US-20260127287-A1 - DETECTING BACKDOORS IN BINARY SOFTWARE CODE
Abstract
Systems, methods, and software can be used to detect backdoors in binary software code. In some aspects, a method comprises: obtaining, by a server, binary software code corresponding to source code; generating, by the server, a backdoor abstraction of the binary software code; and generating, by the server, a backdoor risk assessment based on the backdoor abstraction of the binary software code.
Inventors
- Neil David Jonathan DUGGAN
- VINCENZO Kazimierz MARCOVECCHIO
- Adam John Boulton
Assignees
- BLACKBERRY LIMITED
Dates
- Publication Date
- 20260507
- Application Date
- 20260105
Claims (20)
- 1 . A method, comprising: obtaining, by a server, binary software code corresponding to source code; generating, by the server, a backdoor abstraction of the binary software code by identifying at least one string indicative of a potential backdoor in the binary software code; and generating, by the server, a backdoor risk assessment based on the backdoor abstraction of the binary software code, wherein generating the backdoor risk assessment comprises: determining, by the server, that none of the source code corresponds to the potential backdoor in the backdoor abstraction of the binary software code; and in response to determining that none of the source code corresponds to the potential backdoor, determining that a risk is inserted during a generation of the binary software code corresponding to the source code and including the risk in the backdoor risk assessment.

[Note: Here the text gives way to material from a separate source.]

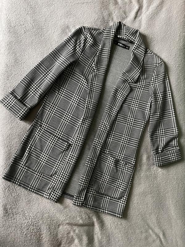 Классическая чернобелая длинная накидка изготовлена из легкого, но элегантного материала, имеющего хорошую драпировку. Она имеет прямой крой, что позволяет легко носить ее поверх разной одежды. Вырез на передней части накидки позволяет подчеркнуть силуэт, а длина по низу пояса придает образу элегантность. Она идеально подходит для вечерних выходов или для создания стильного повседневного лука.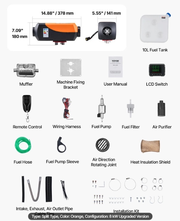 VEVOR 8 kW DC12-24V, ātri uzsildāms dīzeļa sildītājs ar tālvadības pulti un krāsu digitālo displeju, 10L degvielas tvertne

- 2 . The method of claim 1 , wherein generating, by the server, the backdoor abstraction of the binary software code comprises: determining, by the server, that the binary software code comprises the at least one string; and including, by the server, at least one potential backdoor representation corresponding to the at least one string in the backdoor abstraction of the binary software code.
- 3 . The method of claim 1 , wherein the at least one string comprises at least one of: a Uniform Resource Locator (URL); a hardcoded user credential; or a high entropy string.
- 4 . The method of claim 1 , wherein identifying the at least one string indicative of the potential backdoor in the binary software code comprises: determining a context of the at least one string, wherein the context of the at least one string comprises at least one of a location of the at least one string or a library call associated with the at least one string; and determining, based on the context of the at least one string, that the at least one string indicates the potential backdoor in the binary software code.
- 5 . The method of claim 1 , wherein generating, by the server, the backdoor risk assessment based on the backdoor abstraction of the binary software code comprises: comparing the backdoor abstraction of the binary software code and a backdoor abstraction of the source code.
- 6 . The method of claim 5 , comprising: determining that the potential backdoor is in the backdoor abstraction of the binary software code and not in the backdoor abstraction of the source code; and in response to determining that the potential backdoor is in the backdoor abstraction of the binary software code and not in the backdoor abstraction of the source code, determining that the risk is inserted during the generation of the binary software code.
- 7 . The method of claim 1 , comprising: storing, by the server, the backdoor abstraction of the binary software code as a baseline; obtaining, by the server, additional binary software code; generating, by the server, an additional backdoor abstraction of the additional binary software code; and generating, by the server, an additional backdoor risk assessment based on the baseline and the additional backdoor abstraction.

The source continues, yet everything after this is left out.